# HELP! We don't know what to do :-(



## Tailer'sFolks (Feb 27, 2007)

I hate being first...but, never leave your dog alone with young-ones even for a second...both can make moves that send signals that the other can very easily misinterpret! 

Don't toss the dog out.

Learn from this. Your dog is adjusting into your life...it may take months...patience

...


----------



## Megora (Jun 7, 2010)

I would honestly really make sure your kids - both of them - learn to respect the dog's mouth and boundaries. No sitting on the dog. No pulling at the dog. If the dog has food or toys or something he wants, kids should be closely monitored by you. 

This guy just came home with you 2 weeks ago and if your kids are completely normal, they've probably been swarming all over him. That's a lot of stress, and he might be getting to the edge of his tolerance. You need to make sure that he has the space and respectful handling he should have, especially in the next year or so while he is settling in with you.

Golden retrievers are very sweet dogs, but they are dogs. Push them to the limits - especially when they are already uncertain and stressed, and you will have growling and snapping. And it's tragic for the dogs, because they can't communicate otherwise to their people when they've had enough harassing or if they don't like something.


----------



## Duke's My Dog (Jul 6, 2012)

I definately don't want to get rid of him, but I am so scared now. I mean my son isn't even 2 and I just worry I will take my eyes away for a second and something will happen to him. 

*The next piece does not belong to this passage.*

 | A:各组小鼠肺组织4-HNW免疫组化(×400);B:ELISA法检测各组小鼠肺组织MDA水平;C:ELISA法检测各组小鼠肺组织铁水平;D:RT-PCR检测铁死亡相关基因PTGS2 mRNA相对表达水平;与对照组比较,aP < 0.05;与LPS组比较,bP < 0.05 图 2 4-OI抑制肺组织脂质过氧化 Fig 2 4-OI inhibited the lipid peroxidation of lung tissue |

It's just so strange......Goldens are the nicest dogs and we have never been mean to him or anything.....but we have no idea what he has or hasn't been through.

Please don't judge me if I sound stupid at all, this is just the 1st time we have dealt with a dog being aggressive at all ad it is very scary :-(


----------



## mylissyk (Feb 25, 2007)

It is scary when these things happen, and it is a normal reaction to worry about what might happen. I agree with the posts already made. You need to set him up for success. Put up baby gates between him and your 2 yr old, NEVER leave them unattended together not even for a moment. If they are together your eyes must be on them every second. Your daughter needs to be under your supervision if she is interacting with him. He hasn't been with you long enough to be confident he is "home", and definitely not long enough for you to know what his personality, temperment and behavior really is.

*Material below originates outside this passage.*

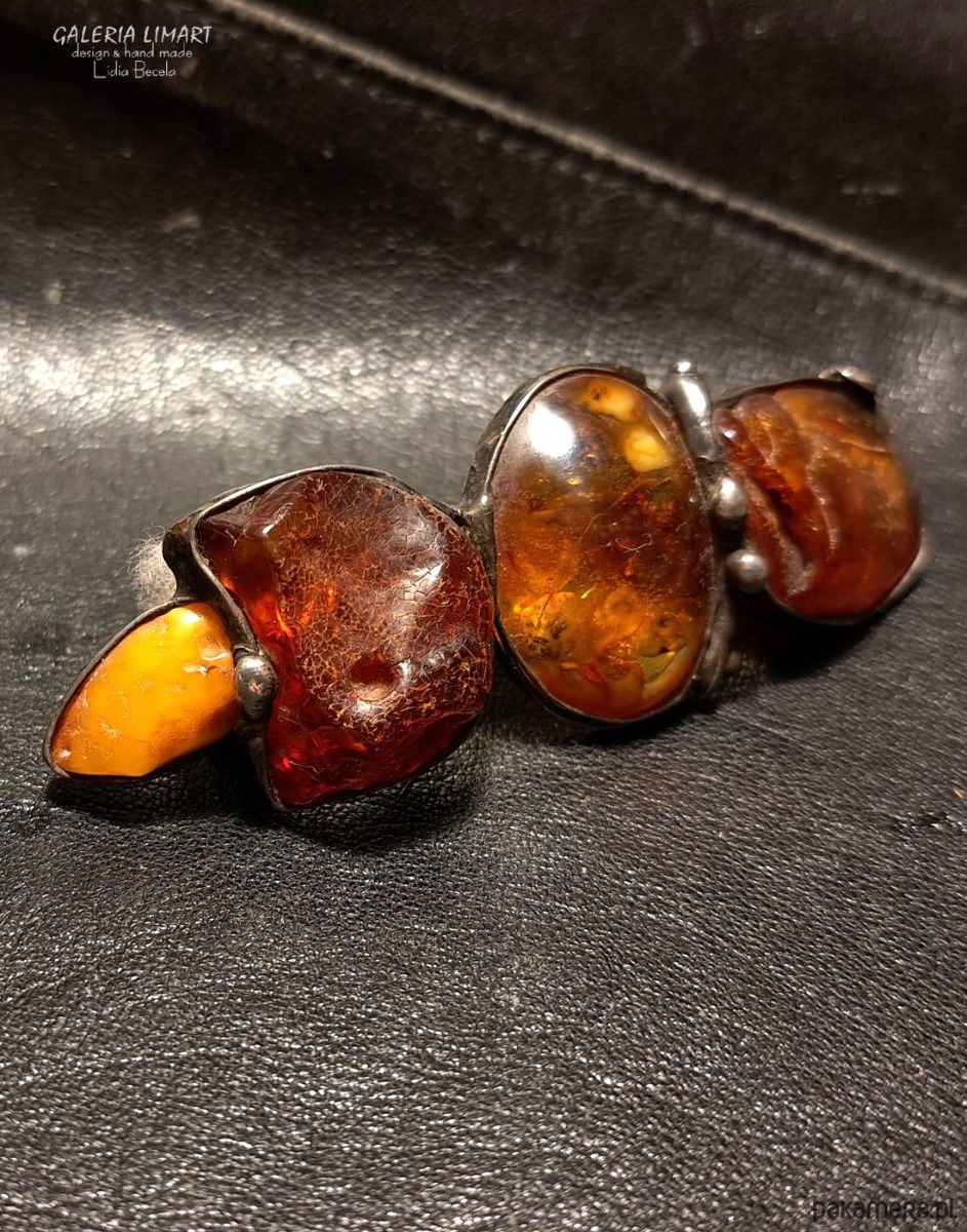 Autorska, UNIKATOWA (wykonana w jednym jedynym egzemplarzu) spinka do włosów z pięknymi surowymi bursztynami bałtyckimi, środkowy element to bursztyny zatopione w żywicy). Unikatowa i ekologiczna oprawa w technice Tiffany. Patynowana na kolor starego srebra, co idealnie współgra z barwą bursztynu.

I would also find a good trainer and have some home sessions to help you work with him.


----------



## OutWest (Oct 6, 2011)

I agree with the previous posters. Goldens are very sweet but there is no such thing as a child-proof dog. It should be OK for your daughter to feed the dog, but you should be there to watch the interaction. 

Your dog is figuring out his place in his new pack. He looks at the kids as his "siblings". He's probably jockeying for pack position in his head. Most dogs start to settle in after about two weeks, so this timing sounds right. It would be good to have a trainer come to the house to see the whole family dynamic and to educate everyone on the appropriate way to interact with the dog. in the interim however, be very vigilant, and get the baby gates up so you always know where the dog and kids are in relation to each other. 

My guess is you've got a potentially great family dog so I hope you give him the best chance possible. 

Welcome to GRF! Hope you'll stick around and post some pictures.

P.s. I wouldn't even use the word aggressive because you didn't see what happened. You daughter may have put the food down and then reached in to move it. He could have nipped her like dogs do to each other to say hands off my food. just be watchful. Remember, if Duke had *meant* to bite or hurt, he could have, but he *didn't.*


----------



## sdain31y (Jul 5, 2010)

Please remember the description that a young child gives as to what happened and what an adult might "see" are 2 different things. If the dog didn't break the skin it was trying to "tell" your child not to do what it was doing. 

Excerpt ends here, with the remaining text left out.